Эти посетители делали кафе очень уютным, так как они интересовались лишь друг другом, своими аперитивами и кофе, а также газетами и журналами, прикрепленными к деревянным палкам, и никто здесь не служил объектом обозрения.

Нынче «Клозри» состоит из трех помещений: во-первых, фешенебельный, дорогой ресторан с превосходной кухней, куда захаживают люди весьма известные и любящие хорошо и за умеренную, по их понятиям, плату поесть; во-вторых, брассри – более демократическое и с менее высокими ценами заведение и, наконец, бар между ними, где стоит рояль и по вечерам звучит музыка.

В баре приходится выбирать: либо скепсис по отношению к восхищающим туристов металлическим табличкам, означающим места, где сиживали знаменитые завсегдатаи былых времен, либо доверие к собственному воображению и благодарной памяти: ведь, так или иначе, все это происходило здесь!

Прогулки Хемингуэя очерчивают и пересекают mon quartier.

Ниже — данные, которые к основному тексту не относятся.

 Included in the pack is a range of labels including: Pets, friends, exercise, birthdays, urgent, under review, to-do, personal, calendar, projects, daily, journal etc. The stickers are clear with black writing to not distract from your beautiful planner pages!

Он часто проходил через Люксембургский сад – совсем молодой, нищий и счастливый начинающий писатель, который спустя сорок лет, за год до того, как выстрелить в себя из дробовика, вновь переживет на страницах книги «A Moveable Feast» («Праздник, который всегда с тобой»[216]), возможно, лучшие годы своей судьбы – парижскую молодость.

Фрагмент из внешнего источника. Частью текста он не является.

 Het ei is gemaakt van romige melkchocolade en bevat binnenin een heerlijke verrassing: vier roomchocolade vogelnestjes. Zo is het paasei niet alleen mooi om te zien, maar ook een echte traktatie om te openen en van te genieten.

В те дни у меня не было денег на покупку книг. Я брал книги на улице Одеон, 12, в книжной лавке Сильвии Бич «Шекспир и компания», которая одновременно была и библиотекой. После улицы, где гулял холодный ветер, эта библиотека с большой печкой, столами и книжными полками, с новыми книгами в витрине и фотографиями известных писателей, живых и умерших, казалась особенно теплой и уютной. Все фотографии были похожи на любительские, и даже умершие писатели выглядели так, словно еще жили. У Сильвии было подвижное, с четкими чертами лицо, карие глаза, быстрые, как у маленького зверька, и веселые, как у юной девушки[217], и волнистые каштановые волосы, отброшенные назад с чистого лба и подстриженные ниже ушей, на уровне воротника ее коричневого бархатного жакета.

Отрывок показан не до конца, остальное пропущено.